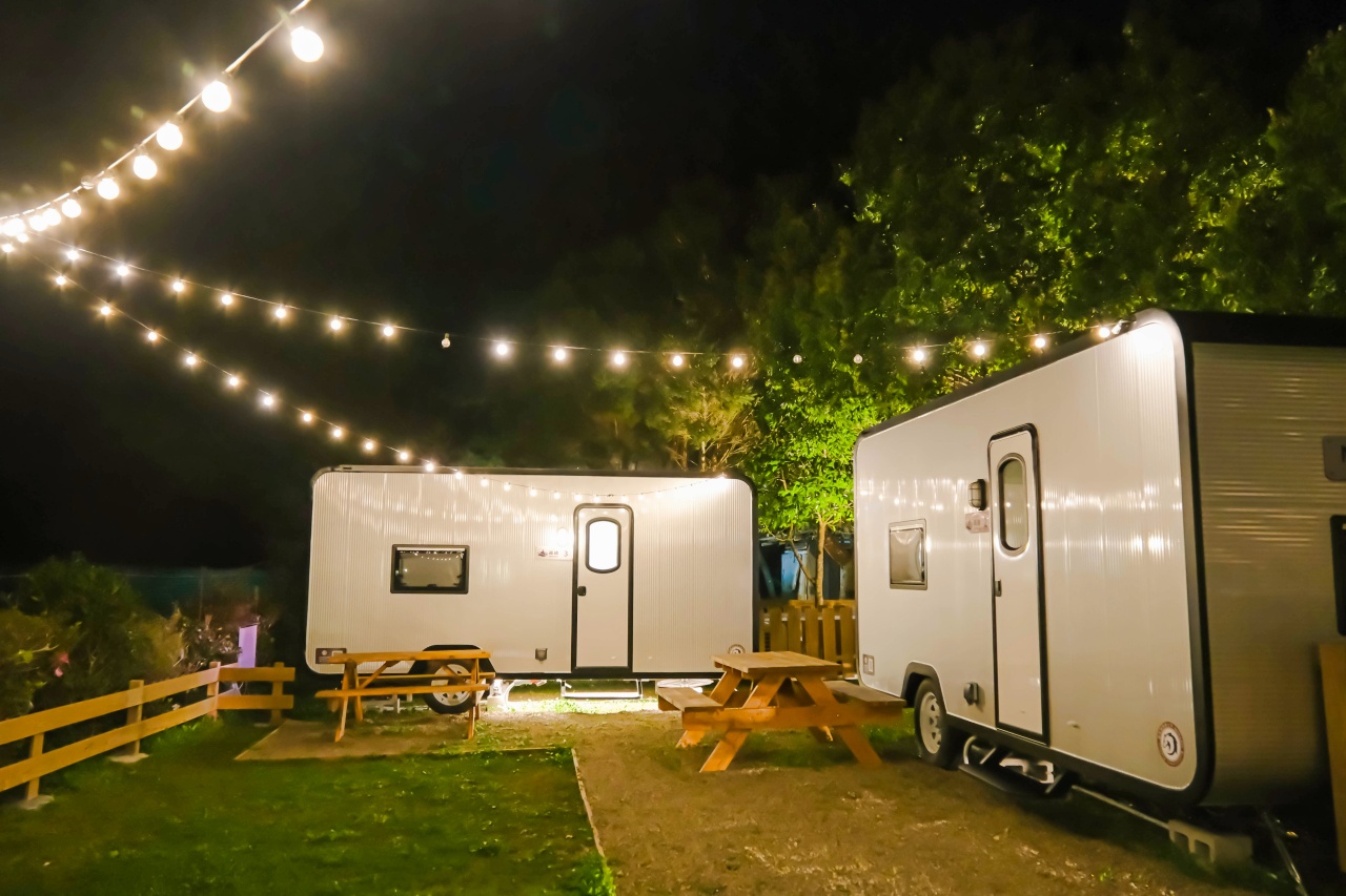 夜晚的露營車在串燈的映襯之下更顯浪漫。
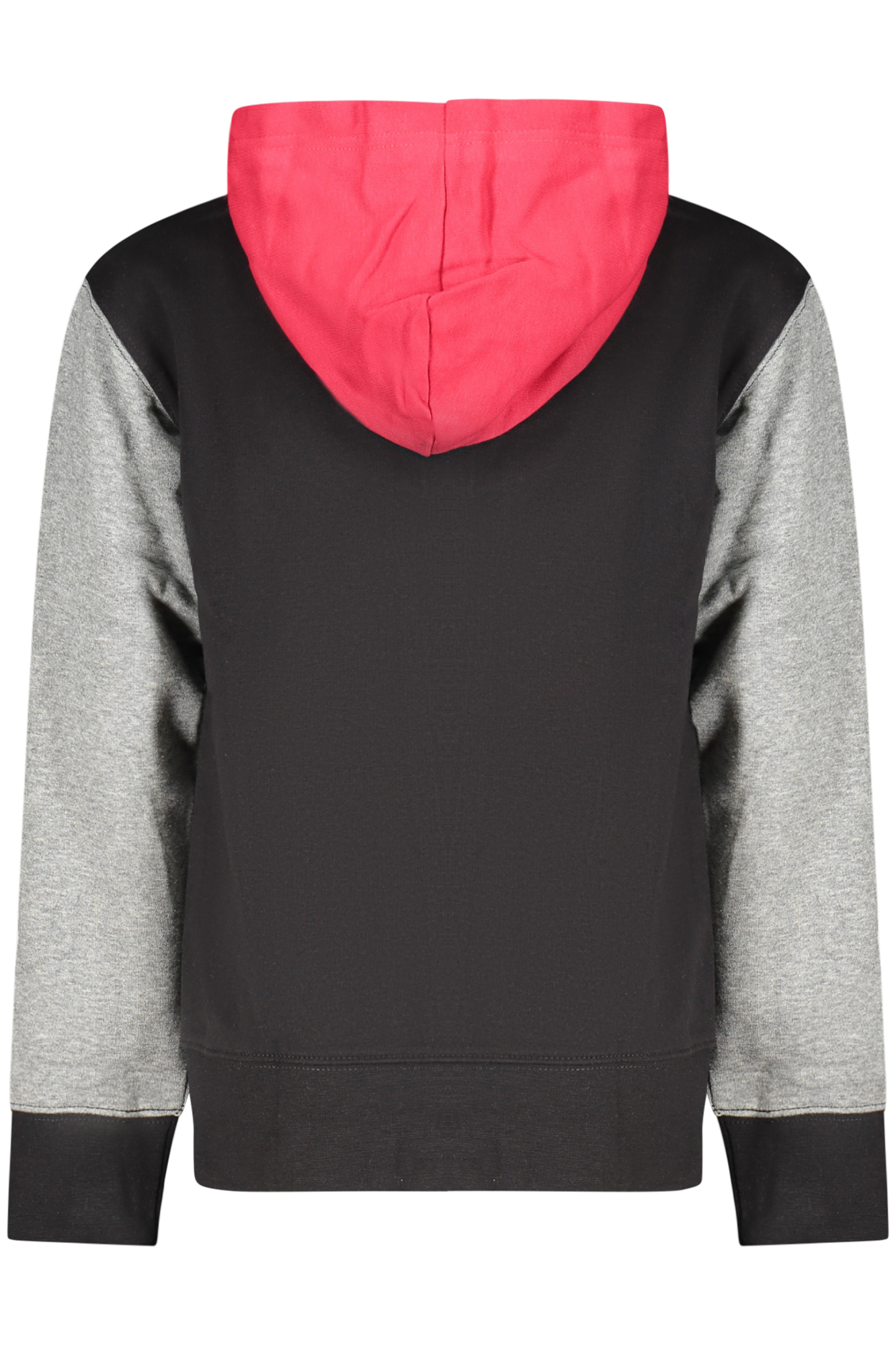 FELPA MANICHE LUNGHE CON CAPPUCCIO, GARZATA, 1 TASCONE CENTRALE, DETTAGLI A CONTRASTO, RICAMO, LOGO
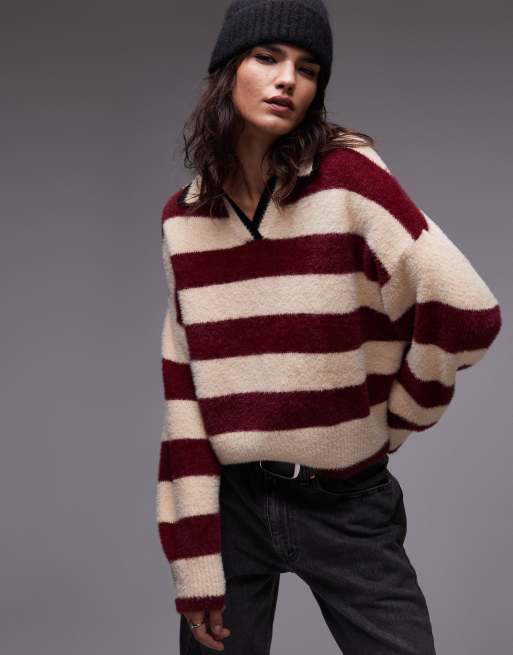 Topshop – Lockeres flauschiges Strick-Poloshirt mit Streifen in Burgunderrot und Ecru
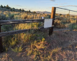 I got up to Chester without incident and was gaining confidence. This was by far the slowest I had driven, but I was still on schedule. I had reached out to Bruce a couple times by phone and text with no response, but I assumed he was on his way too. I finally heard from him about 11:00 and he was a few miles East of Susanville. I was a few miles West so I waited for him at 139. He followed me out to the property where we found fence Dale, his buddy and worker Martin, and his 2 sons and three dogs all talking to neighbor Dale. The fence was in alongside South Grasshopper Rd. and along the southern boundary road. It all blew my mind.
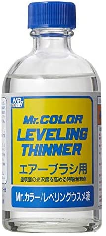 Mr. LEVELING THINNER es excelente para aplicaciones con aerógrafo. Mezclar Mr. LEVELING THINNER con Mr. COLOR en una proporción de 1: 1 o 1: 2 mejora la nivelación y aumenta el brillo. Cuando el secado es lento debido a una corriente de aire insuficiente durante los meses de invierno, es mejor mezclar Mr. COLOR THINNER con Mr. LEVELING THINNER. La mezcla estará seca al tacto después de un período de aproximadamente 10 minutos. Funciona perfectamente también con lacas acrylicas TAMIYA
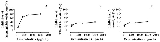 Inhibition of (A) hemoglobin oxidation, (B) lipid peroxidation, and (C) hemolysis of human erythrocytes by extracts of pollen hydroethanolic extracts.
######
Your instructions - Your copy of the records must be exact and must contain no pictures.

Response to the exercise -
 夜晚的露營車在串燈的映襯之下更顯浪漫。
 FELPA MANICHE LUNGHE CON CAPPUCCIO, GARZATA, 1 TASCONE CENTRALE, DETTAGLI A CONTRASTO, RICAMO, LOGO
 Topshop – Lockeres flauschiges Strick-Poloshirt mit Streifen in Burgunderrot und Ecru
 I got up to Chester without incident and was gaining confidence. This was by far the slowest I had driven, but I was still on schedule. I had reached out to Bruce a couple times by phone and text with no response, but I assumed he was on his way too. I finally heard from him about 11:00 and he was a few miles East of Susanville. I was a few miles West so I waited for him at 139. He followed me out to the property where we found fence Dale, his buddy and worker Martin, and his 2 sons and three dogs all talking to neighbor Dale. The fence was in alongside South Grasshopper Rd. and along the southern boundary road. It all blew my mind.
 Mr. LEVELING THINNER es excelente para aplicaciones con aerógrafo. Mezclar Mr. LEVELING THINNER con Mr. COLOR en una proporción de 1: 1 o 1: 2 mejora la nivelación y aumenta el brillo. Cuando el secado es lento debido a una corriente de aire insuficiente durante los meses de invierno, es mejor mezclar Mr. COLOR THINNER con Mr. LEVELING THINNER. La mezcla estará seca al tacto después de un período de aproximadamente 10 minutos. Funciona perfectamente también con lacas acrylicas TAMIYA
 Inhibition of (A) hemoglobin oxidation, (B) lipid peroxidation, and (C) hemolysis of human erythrocytes by extracts of pollen hydroethanolic extracts.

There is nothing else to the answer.